*Action item*: Instruction for the entries below: return the part that opens with the line containing "VIA PRESS RELEASE" and closes with the line containing "Piscina ao ar", exactly, and no pictures.

*Material shown*:
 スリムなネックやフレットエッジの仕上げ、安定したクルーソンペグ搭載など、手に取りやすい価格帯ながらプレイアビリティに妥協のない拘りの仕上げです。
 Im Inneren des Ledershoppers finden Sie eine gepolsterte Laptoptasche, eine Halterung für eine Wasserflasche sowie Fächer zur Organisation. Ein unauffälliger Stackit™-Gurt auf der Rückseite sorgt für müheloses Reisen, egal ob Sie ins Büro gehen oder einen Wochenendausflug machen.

--

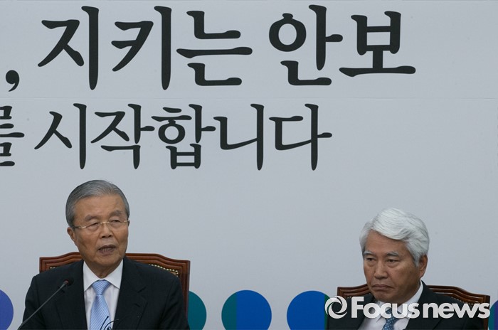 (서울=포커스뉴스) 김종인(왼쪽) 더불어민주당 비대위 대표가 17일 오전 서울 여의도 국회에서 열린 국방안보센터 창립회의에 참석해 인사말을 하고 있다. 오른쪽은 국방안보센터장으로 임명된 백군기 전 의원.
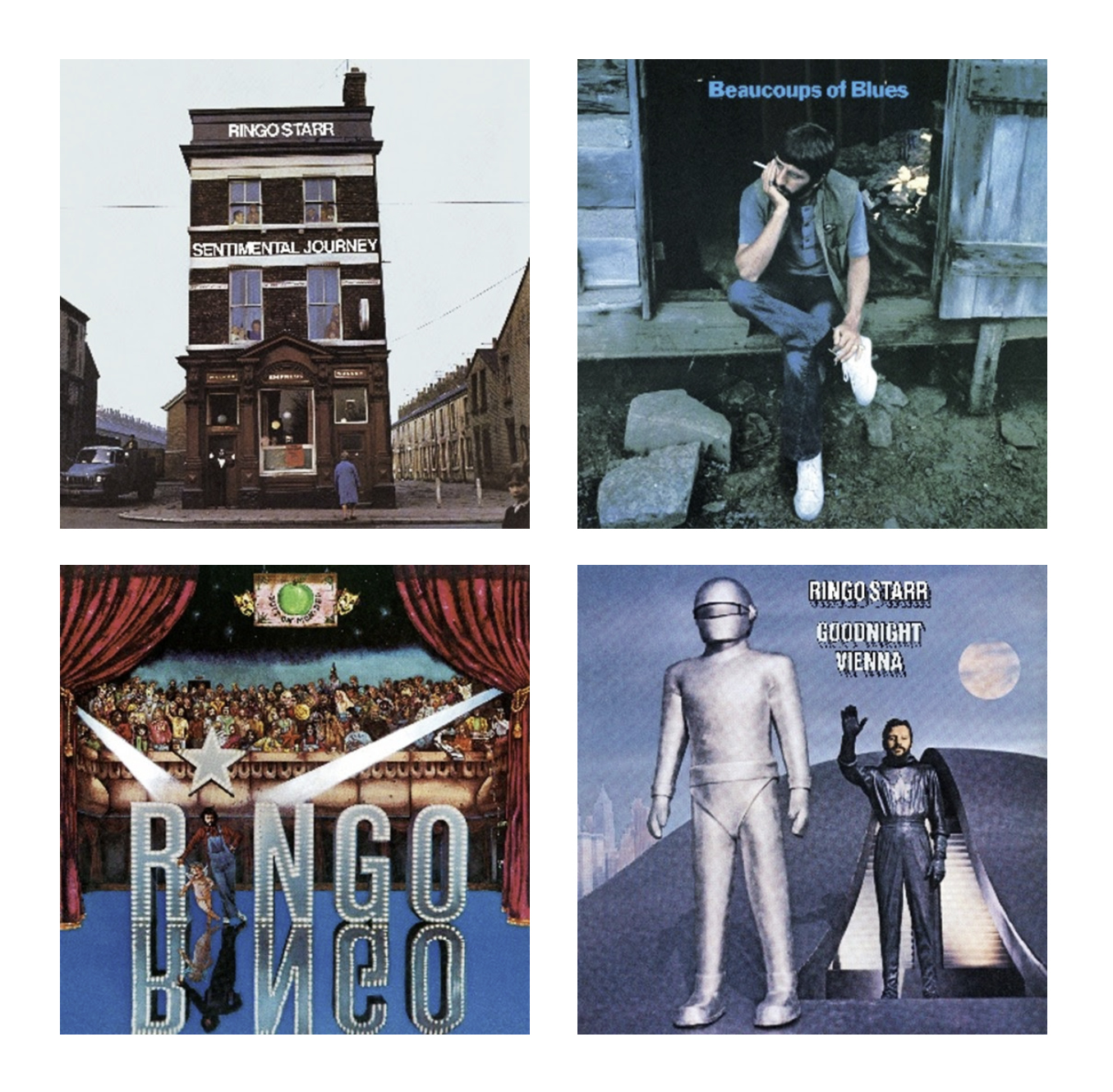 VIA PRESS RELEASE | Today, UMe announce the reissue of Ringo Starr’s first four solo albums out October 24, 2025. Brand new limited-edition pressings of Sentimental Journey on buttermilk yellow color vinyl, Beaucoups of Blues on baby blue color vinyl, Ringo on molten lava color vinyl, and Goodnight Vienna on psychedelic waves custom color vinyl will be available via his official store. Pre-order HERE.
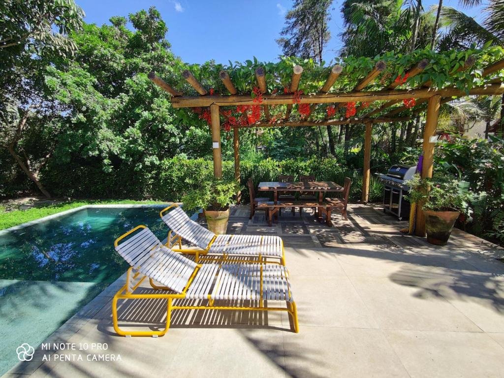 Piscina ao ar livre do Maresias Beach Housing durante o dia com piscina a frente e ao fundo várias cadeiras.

---

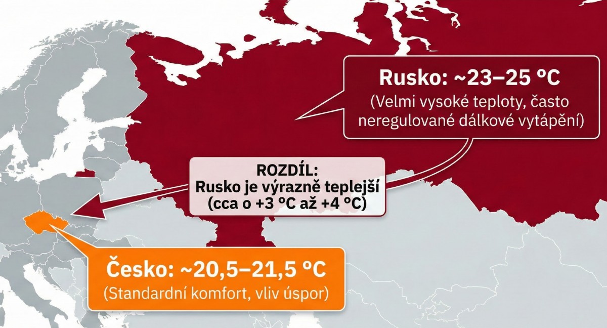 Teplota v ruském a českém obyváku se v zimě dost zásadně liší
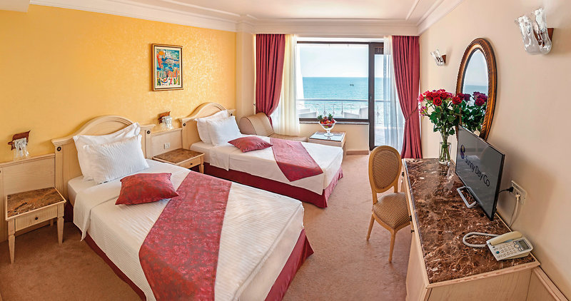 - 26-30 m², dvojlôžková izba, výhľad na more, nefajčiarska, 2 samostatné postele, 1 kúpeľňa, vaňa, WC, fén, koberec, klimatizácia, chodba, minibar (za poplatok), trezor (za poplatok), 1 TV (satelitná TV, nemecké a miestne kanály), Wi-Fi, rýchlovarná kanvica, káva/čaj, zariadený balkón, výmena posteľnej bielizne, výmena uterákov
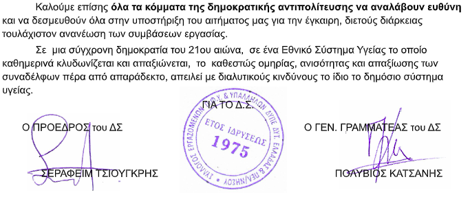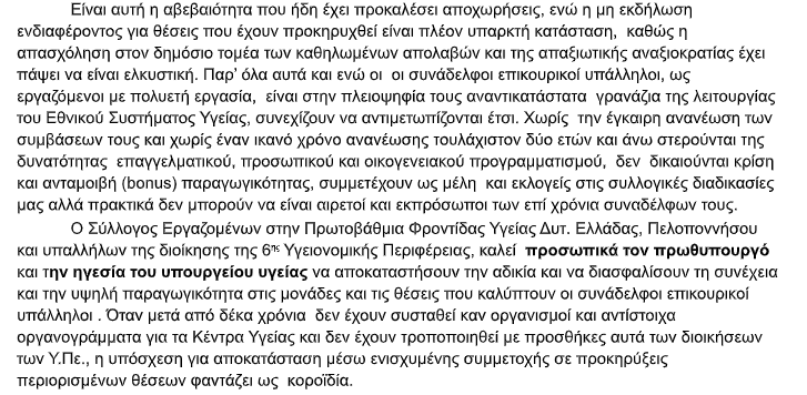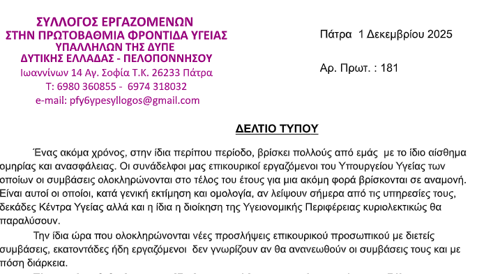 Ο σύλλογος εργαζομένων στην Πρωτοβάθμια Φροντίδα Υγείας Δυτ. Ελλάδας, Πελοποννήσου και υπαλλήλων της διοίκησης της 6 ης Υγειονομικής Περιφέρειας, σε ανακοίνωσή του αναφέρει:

*Answer below*:
 VIA PRESS RELEASE | Today, UMe announce the reissue of Ringo Starr’s first four solo albums out October 24, 2025. Brand new limited-edition pressings of Sentimental Journey on buttermilk yellow color vinyl, Beaucoups of Blues on baby blue color vinyl, Ringo on molten lava color vinyl, and Goodnight Vienna on psychedelic waves custom color vinyl will be available via his official store. Pre-order HERE.
 Piscina ao ar livre do Maresias Beach Housing durante o dia com piscina a frente e ao fundo várias cadeiras.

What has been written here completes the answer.